Similar stories continued to circulate over the course of the next century. In the 1930s, Cornelius Gardner, a formerly enslaved man, told an interviewer from the Works Progress Administration about the time that he “bumped into … a passel o’ young Baltimore Doctors” who tried to kidnap him for their medical experiments. Decades later, Bobbette Lacks told journalist Rebecca Skloot about growing up in the predominantly Black neighborhood of East Baltimore, near Johns Hopkins Hospital, in the 1950s, “When it got dark and we were young, we had to be on the steps, or Hopkins might get us.” Likewise, when dozens of Black children went missing in Atlanta between 1979 and 1981, some African Americans in the city suggested they had been kidnapped by the Centers for Disease Control.

Bobbette Lacks’s mother-in-law, Henrietta Lacks, had gone to Johns Hopkins Hospital seeking treatment for a tumor on her cervix in January 1951, and died later that year. Cells from her tumor were harvested without her consent and have been used in biomedical research ever since. For decades her family was unaware that Lacks’s cells (known as “HeLa”) had been used in this way, and despite the cells’ commercial use, did not receive compensation until earlier this year.

Beginning in the early 20th century, doctors also forcibly sterilized women who were deemed mentally or morally unfit for reproduction; these women were disproportionately Black. Involuntary sterilizations targeting poor women and women of color continued into at least the 1970s in a number of states, including Alabama and California, and has continued up until the present day in women’s prisons. African Americans also made up a disproportionate number of those who were exposed to radioactive materials without consent as part of experiments to determine their effect on the human body — some were injected with massive doses of plutonium, while others were bombarded with radiation under the guise of some other treatment.

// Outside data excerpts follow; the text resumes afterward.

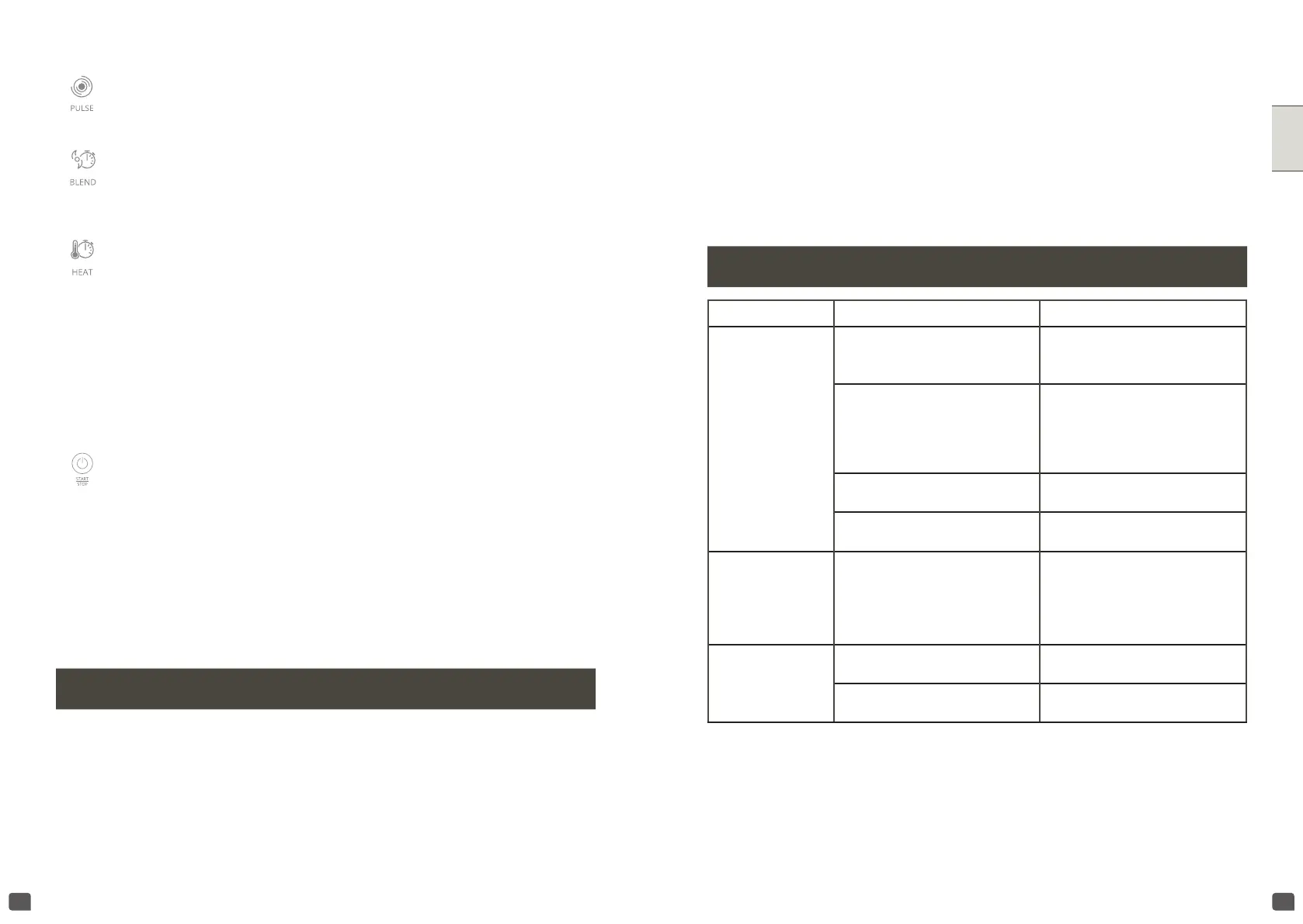 • Pulse: Press the pulse button to let the appliance run for only a few seconds at
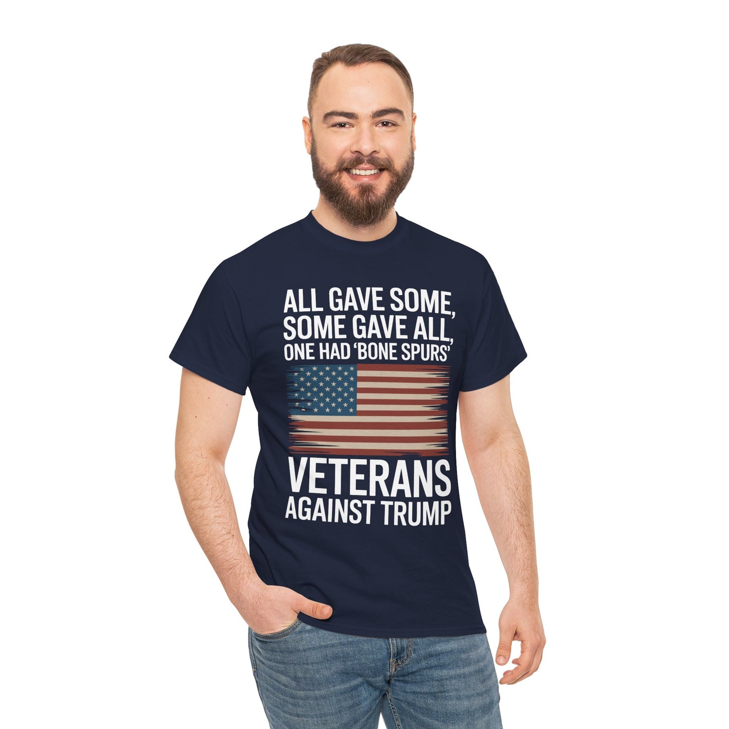 Powerful Graphic That Sparks Dialogue: Featuring the phrase “Veterans Against Trump” with patriotic accents, this tee is perfect for rallies, protests, or everyday wear that makes a difference.
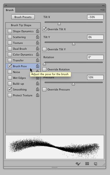 Something else that may grab your attention is an additional pane in the Brush Panel. “Brush Pose” enables you to set stylus parameters for Tilt (X and Y axis), Rotation and Pressure. Enabling these options override any pressure controls assigned in the brush preset. For example, users of an Intuos tablet or Cintiq interactive pen display, whose pen recognizes tilt, may opt to ignore tilt altogether or lock the angle of a brush while drawing. Additionally, users of Wacom’s optional Art Pen (which recognizes tilt, and rotation) can override the rotation of the pen. (For Bristle Tips, Erodible Tips and Airbrush Tips, you can see the effects applied in Brush Pose in the Live Tip Brush Preview. *Bristle Tips were introduced in Photoshop CS5.

Stories of abuse such as these have continued to fuel distrust of medical authorities within Black communities. At times that mistrust manifests in stories that are not factually accurate, but that nevertheless communicate powerful truths rooted in history. According to the Black folklorist John W. Roberts, they also serve an important function: to warn community members about “potential dangers or threats to their well-being and survival.”

This collective memory is also reinforced by Black patients’ everyday encounters with the medical system. Here they are treated according to stereotypes that they are trying to get access to painkillers, or are incapable of following a doctor’s recommendations. A 2016 study found medical trainees and residents perceive Black patients as less susceptible to pain than White patients, reflecting the persistence of misconceptions about Black bodies that date back to slavery. As a result, Black patients are sicker and suffer higher mortality than their White counterparts. This disparity is especially notable in the country’s maternity wards, where Black new mothers are three times as likely to die during or after childbirth compared with White mothers.

Statistics like these give added weight to the collective memory of the medical exploitation of Black bodies. With this history in mind, Black Americans’ suspicion of a coronavirus vaccine makes sense. However, that very suspicion is a threat to Black survival if it means African Americans forgo vaccination.

This is a problem that defies easy solutions, but there are places to start. In the short term, Black influencers can play a role in shaping community attitudes about the vaccine. Implicit bias training for doctors and nurses may help them to make decisions about diagnosis and treatment based on their patients’ symptoms, rather than their skin color. More racial diversity in the medical professions could help improve the experiences of Black patients.

But none of these will treat the underlying cause of the problem — they’re like treating a gunshot wound with a band aid. Black distrust of mainstream medicine is only a symptom of our failure to truly grapple as a nation with our long and deadly history of white supremacy.